We have seen in Jamaica where the compensation for injury or death is of less monetary value than the award given for damage to someone's reputation.
However, the courts in Britain are less convinced about an unlimited cap for compensatory and exemplary damages in restoring someone's reputation that might have been offended by defamatory statements.
For example, there was the case involving pop singer Elton John, in which the court lowered the amount granted, stating that it was rightly offensive to public opinion that a plaintiff should recover damages for injury to his reputation which were greater, perhaps by a significant factor, than the sum he might have been awarded for personal injuries, rendering him helplessly crippled or an insensate cripple.
British judges are now more inclined to the view that an award "should never exceed the minimum sum necessary to meet its underlying purpose, namely that the defendant should be punished, (but) the jury should be told before awarding such damages that they had to be satisfied that the publisher had no genuine belief in the truth of the material published."
However, any changes to Jamaica's libel laws should not be taken as licence by media to pursue public officials either for political or personal reasons based on rumours, improvable truth or less than reliable information.
Before the passage of the Britain's 1996 Act, defamatory statements, not provable true, would not attract liable consequences on the ground of public interest, while fair comment was confined to cases where the defendant can show the factual basis of the comment.
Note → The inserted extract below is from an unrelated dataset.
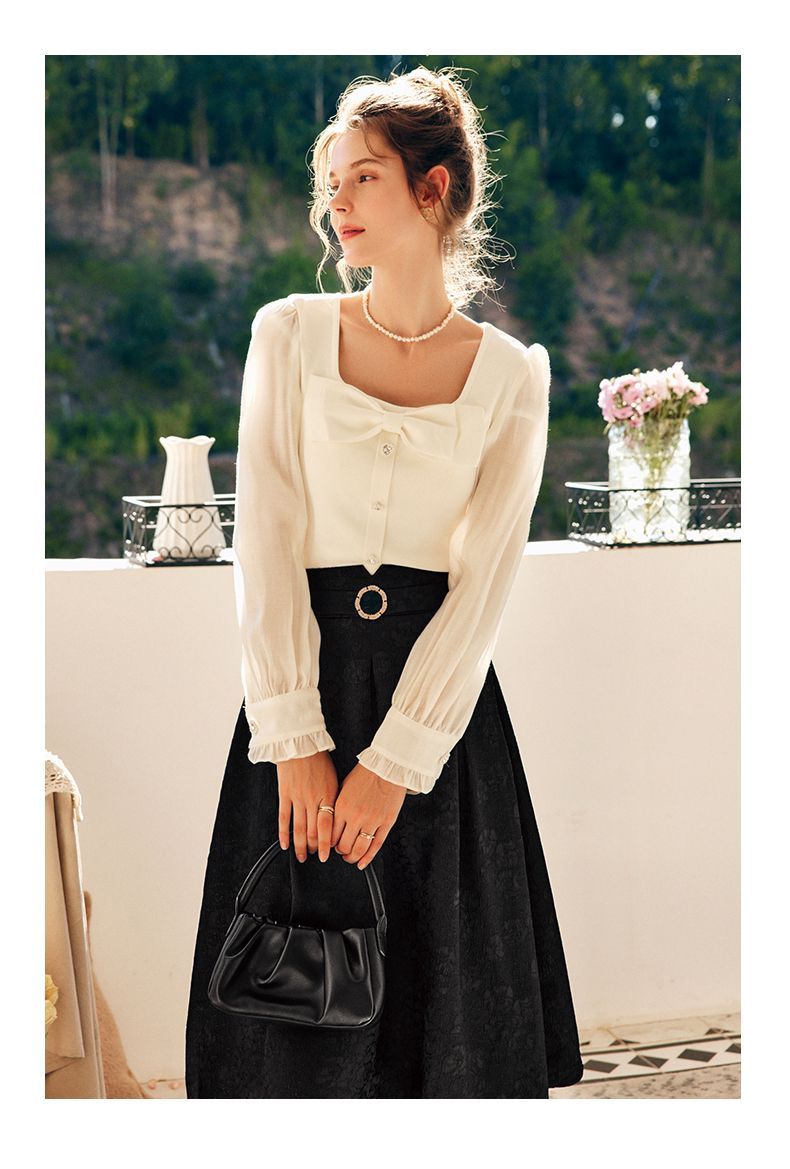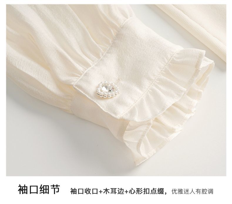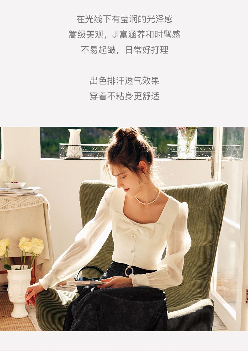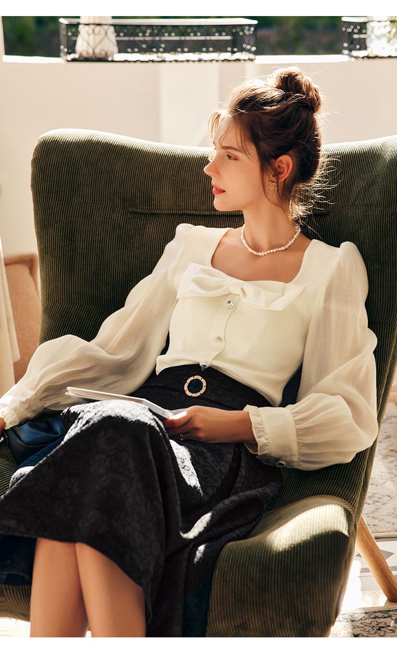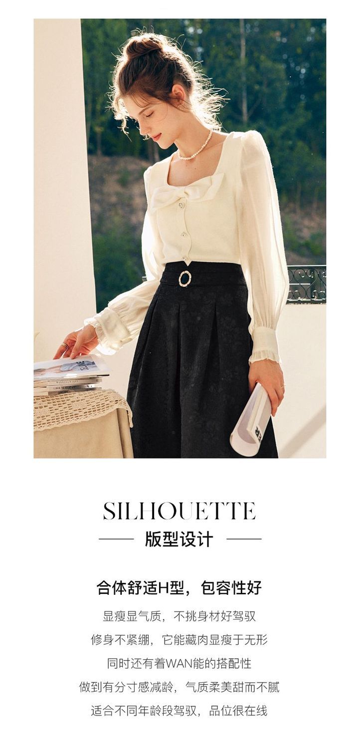 OLrain欧芮儿法式白色方领雪纺蕾丝衫女秋季2022年新款蝴蝶结小衫
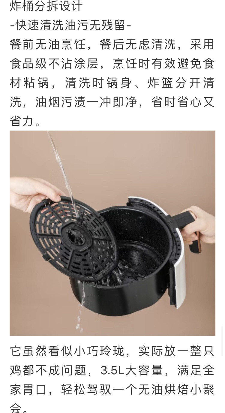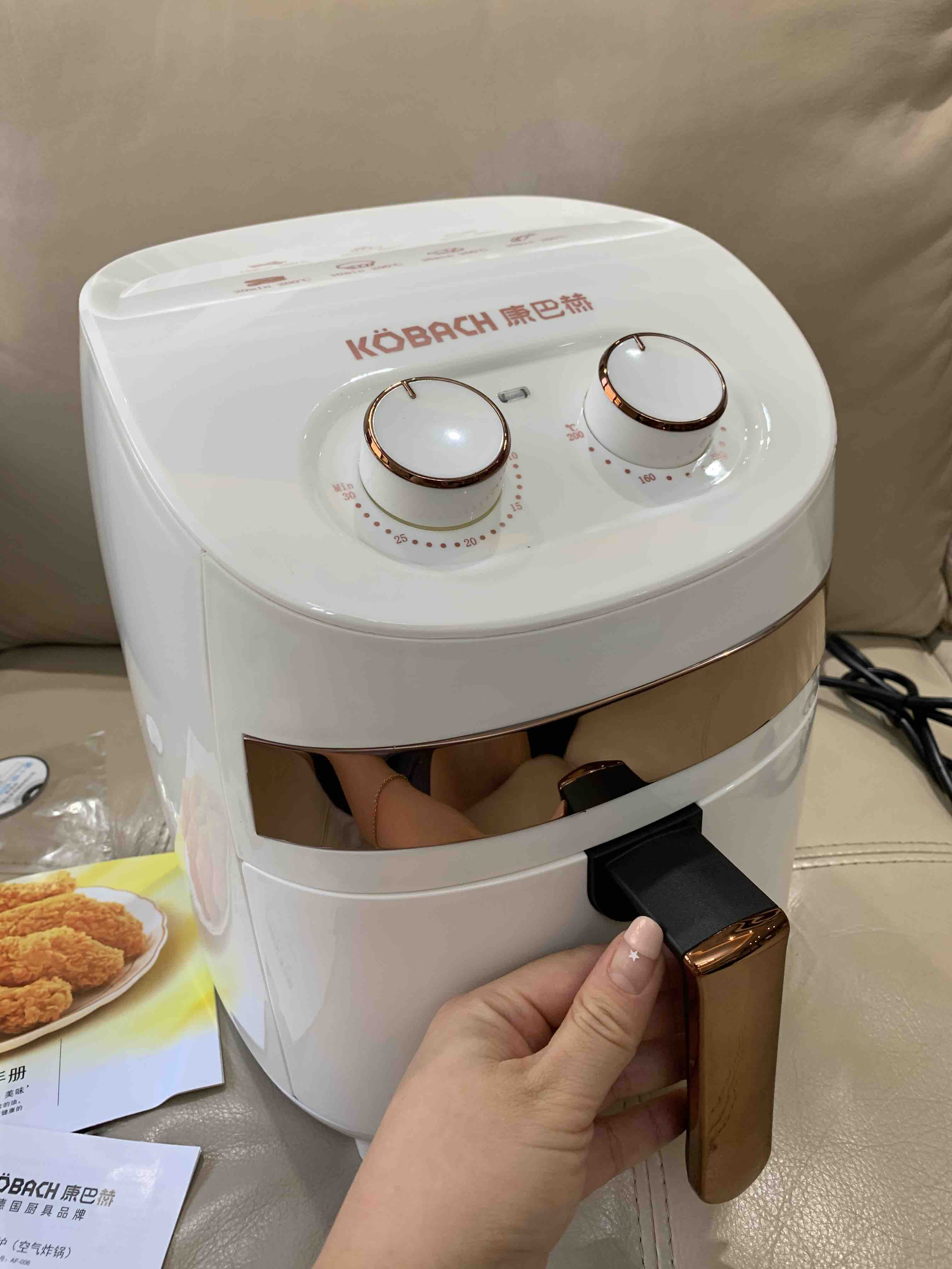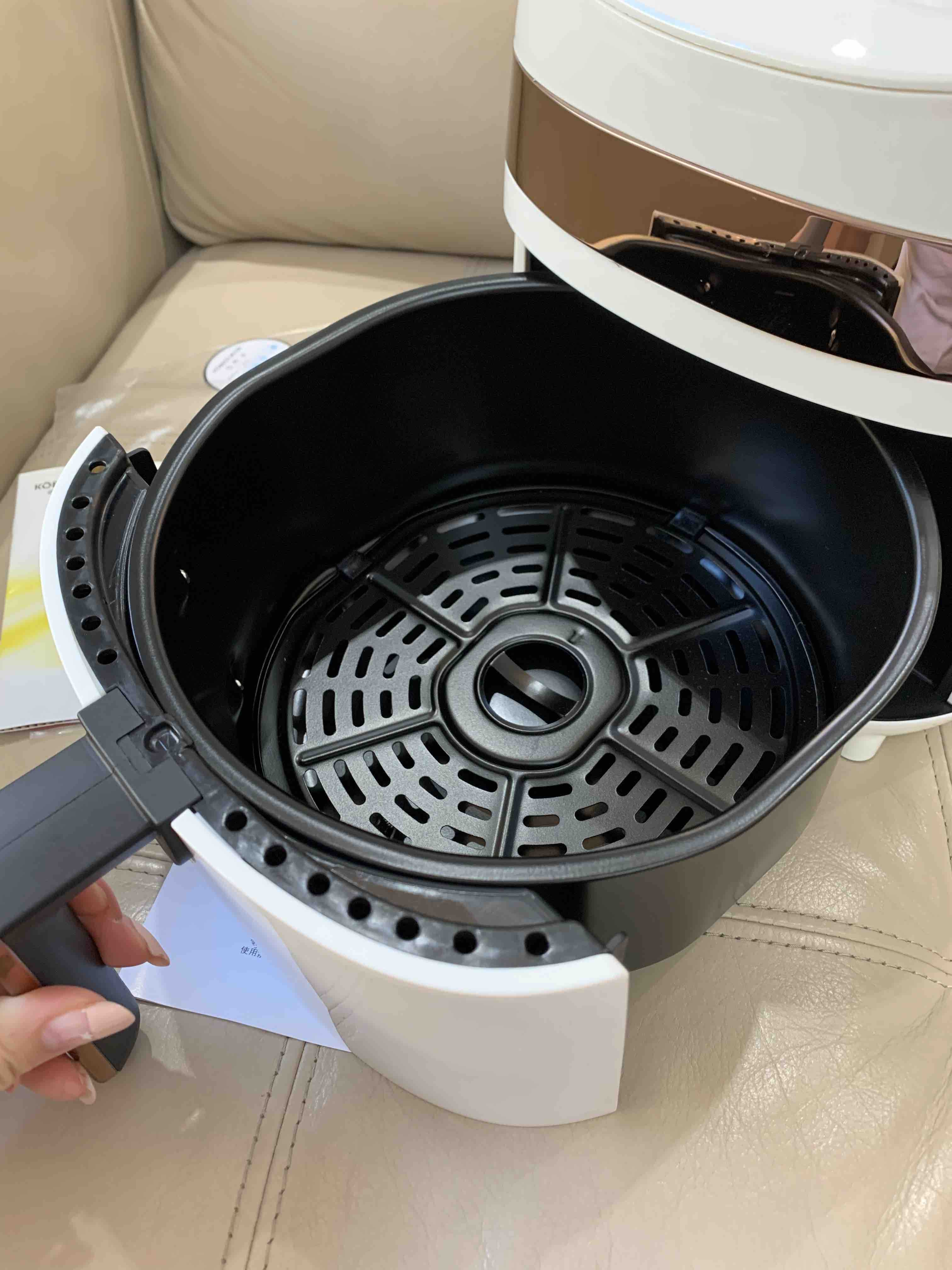 其实我手上已经过了无数个空气炸锅,一打开就塑料味很呛人的就不在少数,所以我迟迟没能上。今天的康巴赫用的很愉快,用的顺手没有异味。3.5L大容量,象牙白,家庭用起来十分惬意。

With respect to public bodies, the case of Derbyshire County Council v Times Newspaper Ltd. changed all that, in circumstances where critics of public authorities need not show justification.
But what about the reputation of the private persona if so damaged in a public capacity?
It should be carefully noted that the Derbyshire case created an absolute immunity to criticise the corporate reputation of Government bodies, but the judgment was careful not to afford the same immunity with respect to individuals.
The judge opined that politicians (add public officials) were for libel law purposes, more akin to private citizens than they were to Government bodies.
In not fully embracing the American model, the Derbyshire case was well aware of the need to protect the reputation of individuals who occupy public positions in a modern, democratic society.
In the Caribbean, two cases in Trinidad and the Eastern Caribbean Court of Appeal were careful not to accord a wide interpretation and found the decision in Derbyshire County Council inapplicable. The courts concluded that published matter couldn't be allowed without safeguards or regard for the privacy, office or status of the individual.
So Jamaica's libel laws could well do with some review for which Britain's 1996 Defamation Act would be a useful guide.
The "second carrier" defence to stories or material originating from overseas wire services, broadcast stations, cable systems or the Internet should be considered. But such a defence has to be considered in context.
Changing the process
The burden of reasonableness could not in such circumstances be expunged from the principles of fair reporting and replaced with an absolute defence.
In Australia, the High Court stated that as a general rule, publication will not be reasonable unless:
The defendant had reasonable grounds to believe, and did believe that the imputation was true
That he had taken such proper steps opened to him to verify the accuracy of the material; and
That he had sought and published a response from the person defamed, unless either of these steps was not practicable or was unnecessary in order to give the plaintiff an opportunity to respond.
Government along with members of legal and media fraternities must now set in train the process that will lead to changes in our laws and facilitate reasonable public probity of those in public and private sectors who act improperly, illegally or are in breach of their fiduciary duties.
Given the nature of the Jamaican society with an insatiable penchant for 'suss' and innuendo, care must follow prudence.
Gladstone Wilson, LLB, is a former General Manager of the Jamaica Broadcasting Corporation (JBC).